DATASET CONTENT:
--- START ---

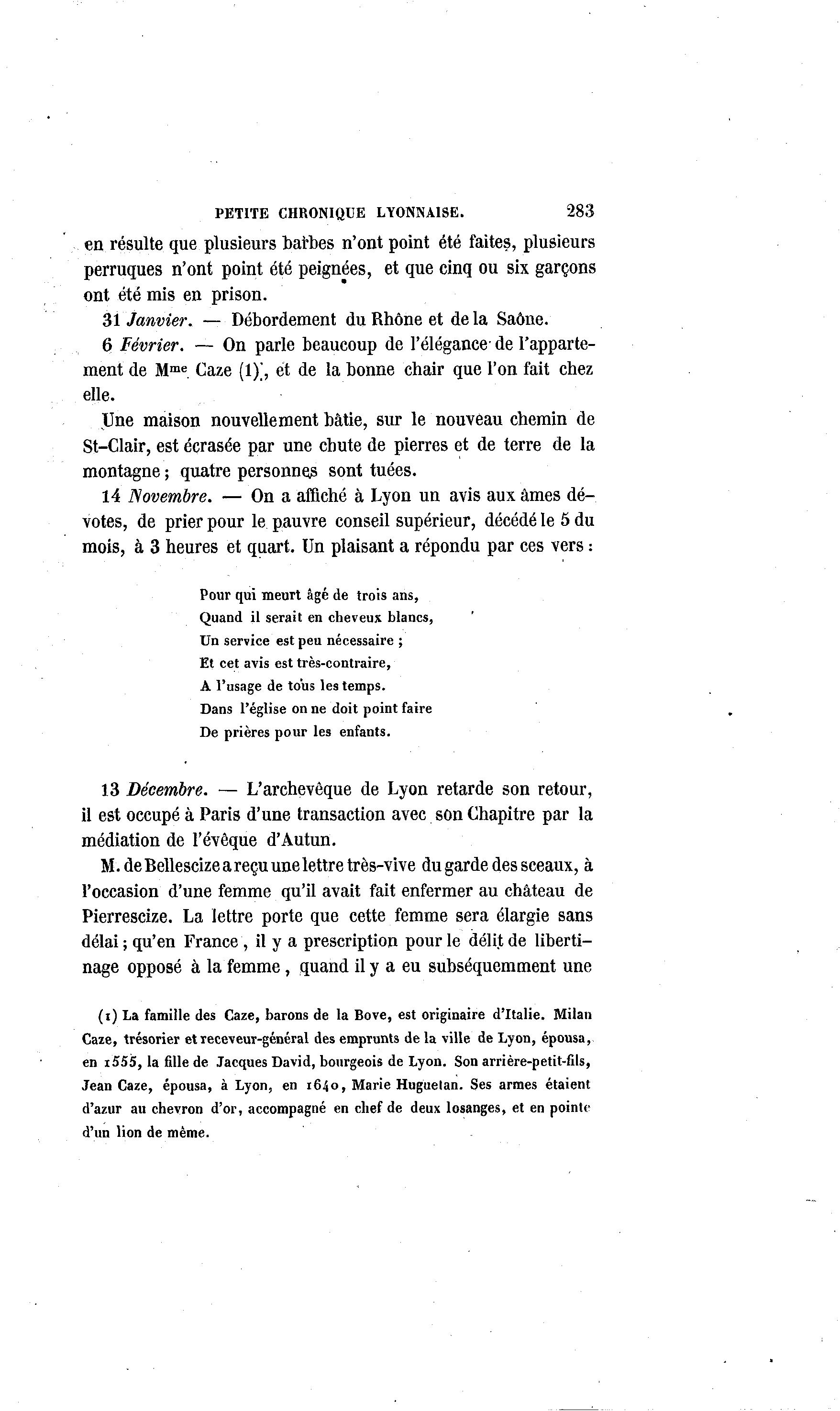PETITE CHRONIQUE LYONNAISE. 283
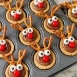 - Decorate reindeer features: Break pretzels in half to create antlers. Place two pretzel halves on each peanut butter cup head. Then add one M&M as the nose and two candy eyes or mini chocolate chips for eyes on each cookie.
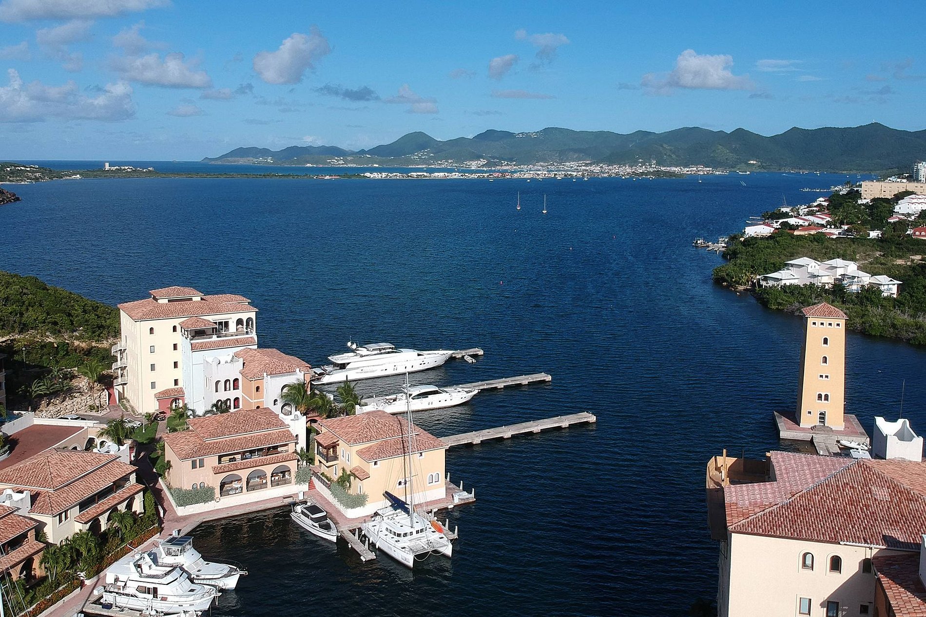 Este apartamento elegante está localizado no último andar de um edifício de dois andares, com vista para a marina, a lagoa e o mar do Caribe. Com dois quartos espaçosos e três terraços à beira-mar, oferece privacidade, conforto e vistas panorâmicas de todos os ângulos.
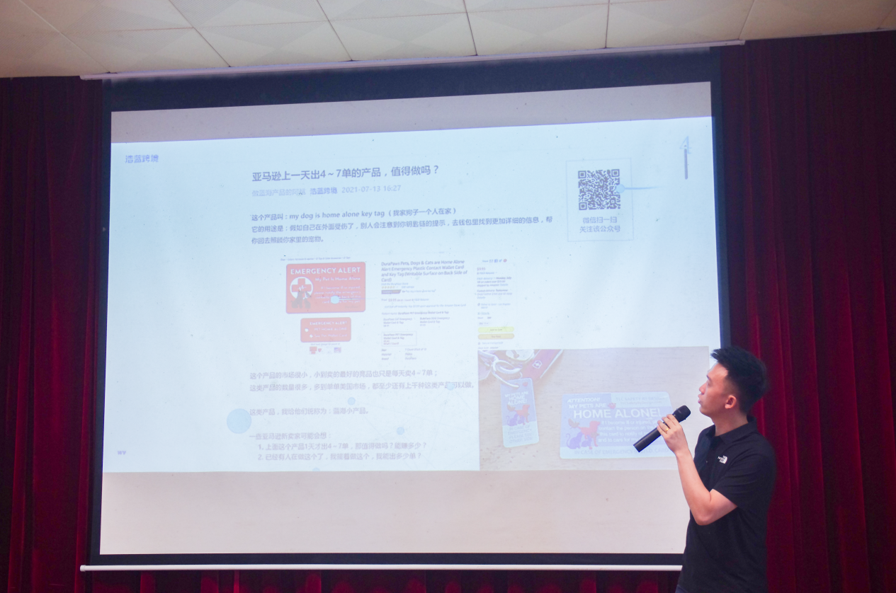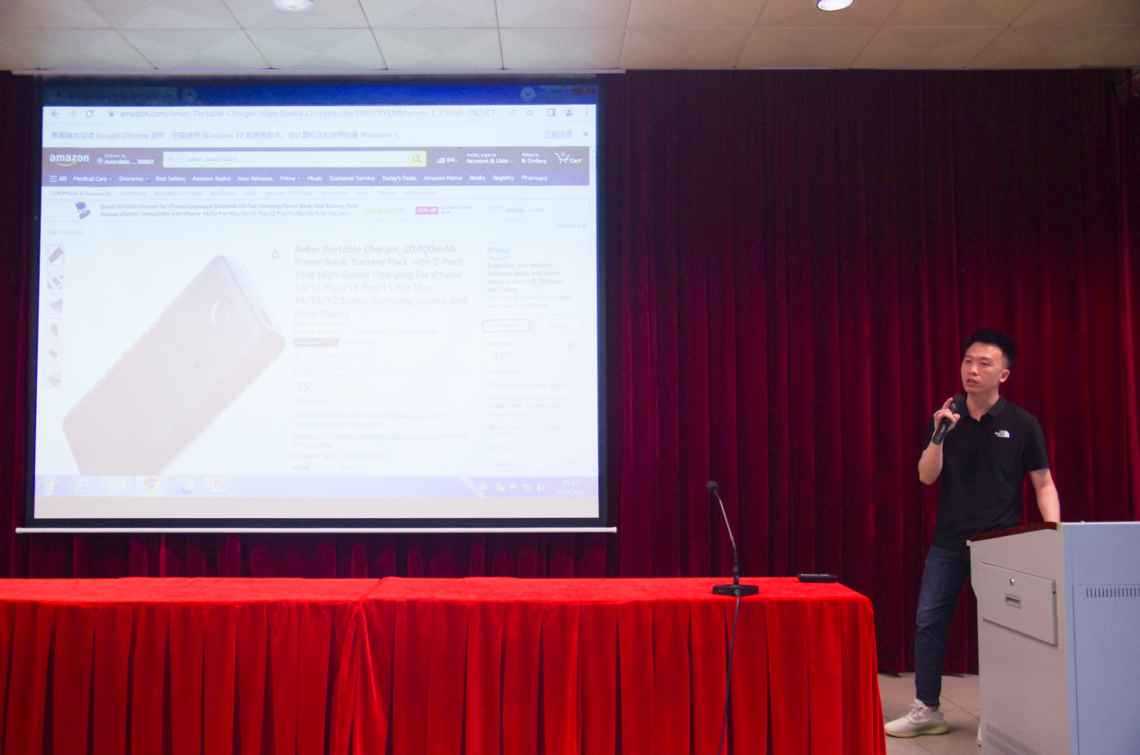 会议伊始,邓斌师兄首先介绍了自己在校和工作经历。而后师兄以亚马逊电商为例,详细地为同学们介绍了该平台的独特优势:发货FBA自动化、近乎零客服,以及他是如何利用这些优势在亚马逊进行蓝海产品的运营。邓斌师兄强调比起商品的出单量,更要重视商品的毛利率。因此邓斌师兄主攻冷门蓝海商品的运营,他指出挑选蓝海商品本质上就是要寻找低竞争度的市场、发现消费者的隐形需求。而利用信息差则是最轻松、竞争度最小的电商模式。

--- END ---

ASSIGNMENT: The lines to write out are those from the first line of the listing above through the line bearing "- Decorate reindeer", both included, copied exactly with pictures dropped.

ANSWER BELOW:
PETITE CHRONIQUE LYONNAISE. 283
 - Decorate reindeer features: Break pretzels in half to create antlers. Place two pretzel halves on each peanut butter cup head. Then add one M&M as the nose and two candy eyes or mini chocolate chips for eyes on each cookie.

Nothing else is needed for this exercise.